J’appelle mon collaborateur. Le téléphone sonne plusieurs fois. D’habitude, il répond sans tarder. Je laisse tomber. Il finira par rappeler.
J’appelle mon épouse.

– Tu as récupéré les enfants ?

– Oui, mais on va tarder.

– Vous êtes où ?

– Chez ta sœur. Les enfants veulent voir le match de football avec leurs cousins.
– Ils peuvent le voir à la maison…
– Oui, mais tu sais bien, tu n’aimes pas le football. Ils préfèrent rester avec leurs cousins pour l’ambiance. Tu comprends…

– … ?

Le reste de ma journée est chamboulé.
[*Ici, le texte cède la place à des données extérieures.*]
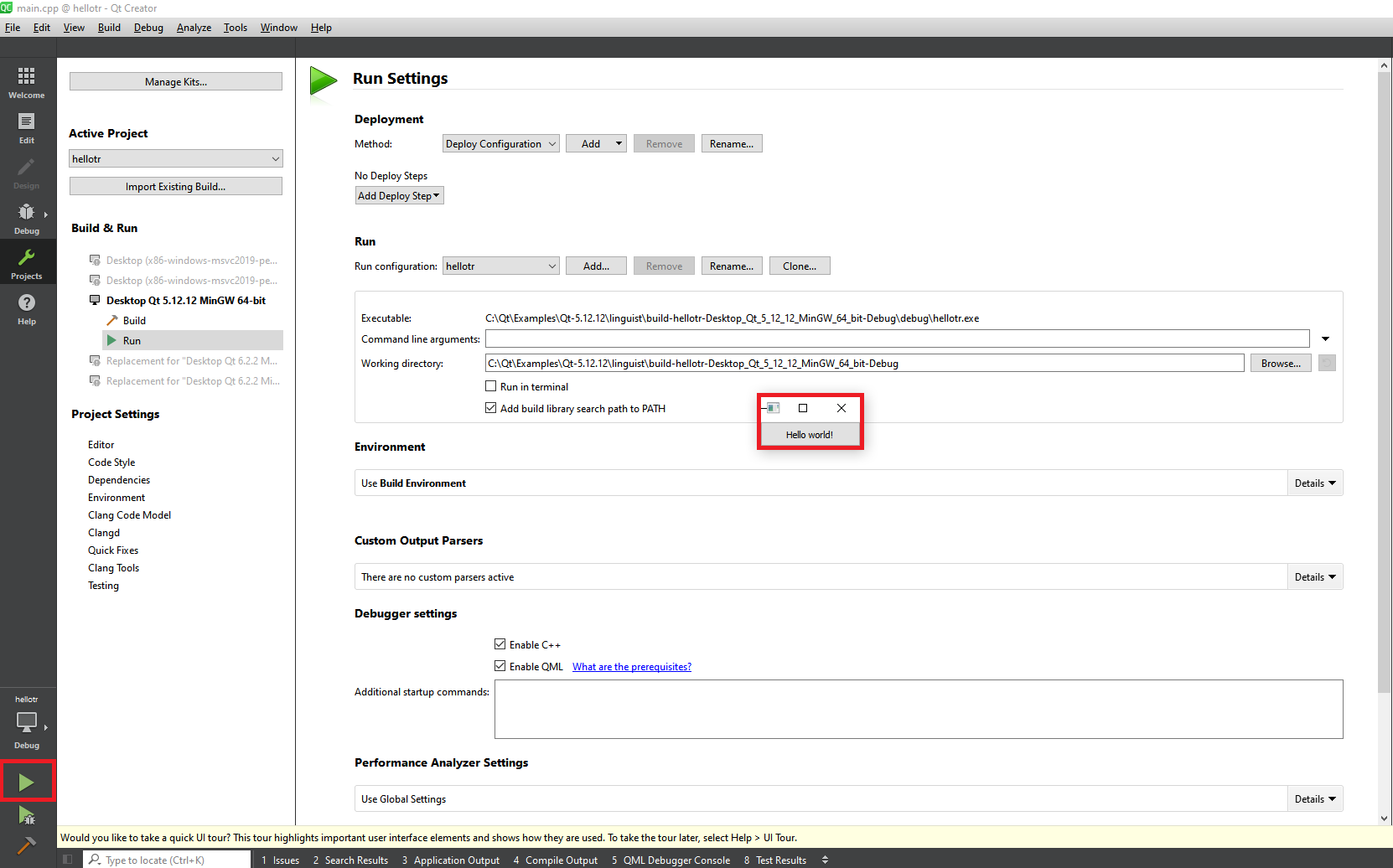 7。再來,如何 Build & Run,按下左邊綠色播放鍵,就可以看到一個 hello world! 小視窗跑出來,表示建置成功!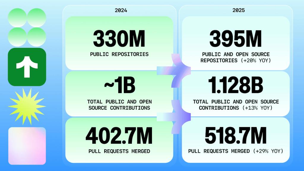 今年,开源开发活动达到了创纪录的水平,公共仓库的贡献总量达到了 11.2 亿次(同比增长 13%)。2025 年 3 月是 GitHub 历史上新增开源贡献者数量最多的一个月。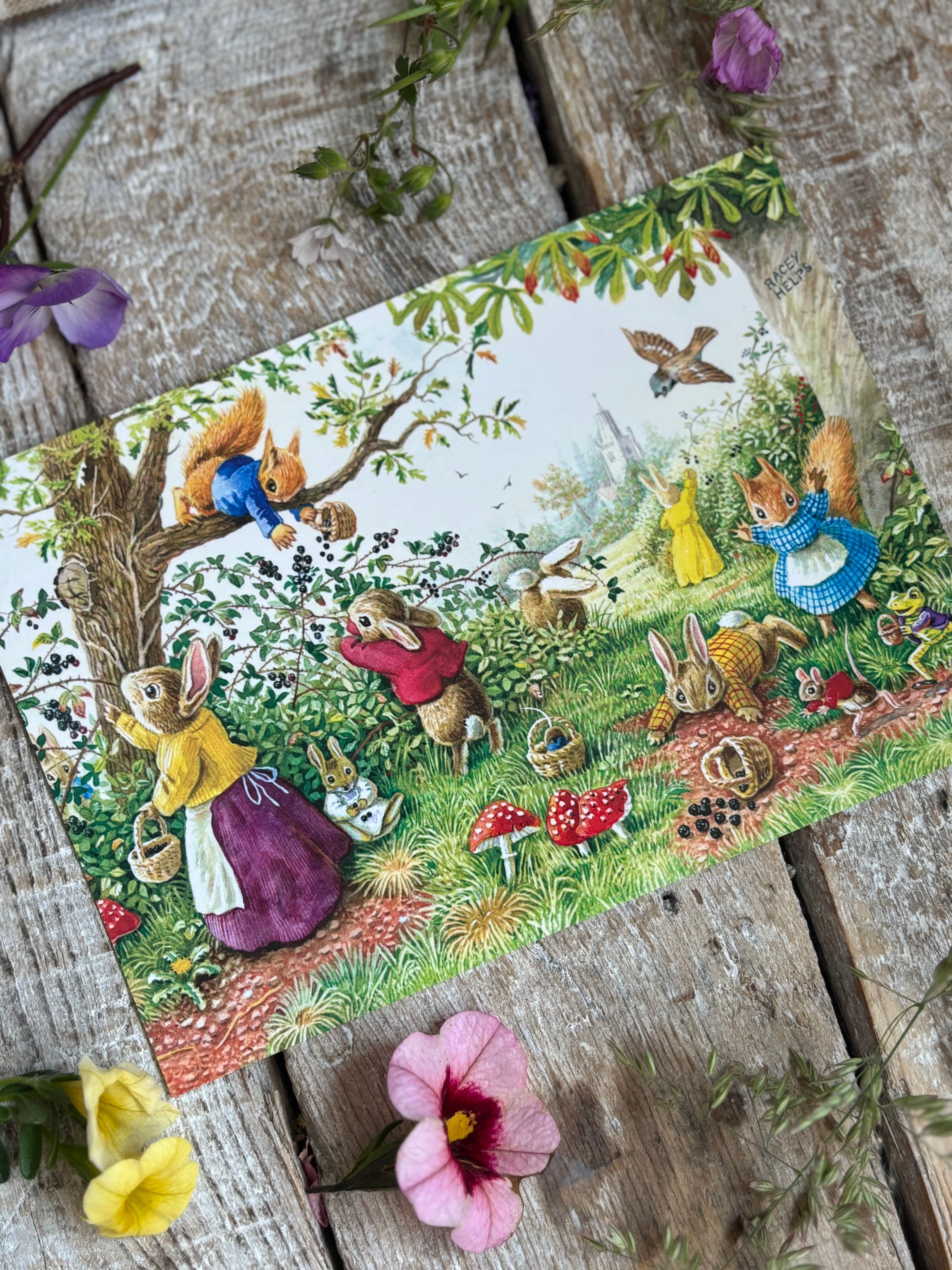 Racey Helps. 1913-71. A Somerset-born antiquarian book-dealer. A course at the West of England College of Art set him on a career as an author and illustrator of children's books and his charming artwork featuring an array of anthropomorphic woodland animals was widely reproduced as postcards and greeting cards.

Je quitte le bureau, un peu perdu. Direction chez moi.
Dehors, j’ai une drôle de sensation. La rue me semble inhabituelle, comme… moins encombrée… un peu plus calme. Pourtant, ce n’est pas la période des vacances scolaires où les gens prennent la clé des champs avec leurs enfants. Bof, je ne comprendrais jamais rien aux habitudes des citadins. Je décide de rentrer à pied. C’est tellement rare de voir des trottoirs aussi dégagés.
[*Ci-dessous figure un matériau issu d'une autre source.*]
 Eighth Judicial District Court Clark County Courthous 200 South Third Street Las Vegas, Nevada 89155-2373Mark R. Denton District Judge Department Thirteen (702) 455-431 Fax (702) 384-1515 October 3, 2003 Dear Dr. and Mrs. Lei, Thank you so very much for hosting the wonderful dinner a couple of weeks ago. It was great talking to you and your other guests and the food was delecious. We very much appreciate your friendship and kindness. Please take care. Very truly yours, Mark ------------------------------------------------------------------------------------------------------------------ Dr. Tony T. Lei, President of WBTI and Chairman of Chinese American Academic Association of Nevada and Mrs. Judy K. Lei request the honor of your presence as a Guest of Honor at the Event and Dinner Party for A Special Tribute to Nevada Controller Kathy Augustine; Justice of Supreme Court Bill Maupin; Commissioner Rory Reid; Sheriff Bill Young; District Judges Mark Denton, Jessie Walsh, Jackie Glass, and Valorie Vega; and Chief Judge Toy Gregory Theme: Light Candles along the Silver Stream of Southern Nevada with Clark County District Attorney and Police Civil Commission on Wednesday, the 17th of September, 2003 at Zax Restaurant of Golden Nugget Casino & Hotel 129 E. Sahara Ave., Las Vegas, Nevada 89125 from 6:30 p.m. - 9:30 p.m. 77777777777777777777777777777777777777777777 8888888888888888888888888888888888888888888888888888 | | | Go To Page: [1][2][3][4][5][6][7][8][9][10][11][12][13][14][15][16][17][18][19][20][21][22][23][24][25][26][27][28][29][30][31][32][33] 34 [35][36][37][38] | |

En cours de chemin, je pense à mon ami Ba Jalloul. L’envie me prend de lui rendre visite à son café habituel. Il y a longtemps que nous ne nous sommes pas vus. Cela me changera les idées. J’apprendrai sûrement des choses nouvelles. Sur la politique, ou les affaires, peu importe. Ba Jalloul a ce chic de vous parler de ce qui parvient rarement aux rédactions des journaux.
J’approche du café. J’aperçois un spectacle inhabituel.

Les chaises et les tables occupent la totalité du trottoir. Toutes orientées dans le même sens, vers l’intérieur de l’établissement. Le dos tourné à la rue, leurs occupants sont scotchés à un écran de télévision. Comme s’ils étaient dans une salle de spectacle. Soudain, ils se lèvent tous comme un seul homme. Leur clameur ébranle le quartier. Des jurons pleuvent sur le bougre qui a raté son tir si près du but.
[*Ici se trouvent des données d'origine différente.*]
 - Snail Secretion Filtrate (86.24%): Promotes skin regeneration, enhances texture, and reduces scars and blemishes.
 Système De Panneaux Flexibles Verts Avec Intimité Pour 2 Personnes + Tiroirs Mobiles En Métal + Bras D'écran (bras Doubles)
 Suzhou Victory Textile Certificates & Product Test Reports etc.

Je parviens au café. Je cherche Ba Jalloul des yeux. J’ai du mal à le repérer. L’endroit est bondé. Les tables serrées. Les clients, un œil sur l’écran, les mains tournoyant dans l’air, sont lancés dans des discussions enflammées et des analyses savantes sur les choix des sélectionneurs, la magie du dribble de tel joueur, la bêtise de la passe de tel autre, l’incompétence manifeste de l’arbitre. Bref, ils sont dans un monde à part.

Je finis par apercevoir Ba Jalloul. Curieusement, il ne regarde pas la télévision. Il est plongé dans son journal. Il est là, mais sans être là. Il est dans son univers, indifférent à celui qui l’entoure.
Je renonce à le voir, incapable de me frayer un chemin jusqu’à lui. Je poursuis ma marche vers chez moi. Je comprends maintenant pourquoi les rues sont si calmes. À part une clameur qui vient de nouveau de s’élever du café de Ba Jalloul.

J’arrive chez moi. Au moment où je sors la clé pour ouvrir la porte de la maison, je reçois un sms.
«Désolé, je viens de voir votre appel en absence. Je regardais le match».
Je comprends que le match s’est enfin terminé ! Mon collaborateur vient de revenir sur terre. Les enfants vont bientôt rentrer à la maison. Mon ami Hamid me rappellera sûrement pour fixer un autre rendez-vous. Je reverrai Ba Jalloul une autre fois.

La vie reprend ses droits. Jusqu’au prochain match. Jusqu’à la fin de la Coupe du monde.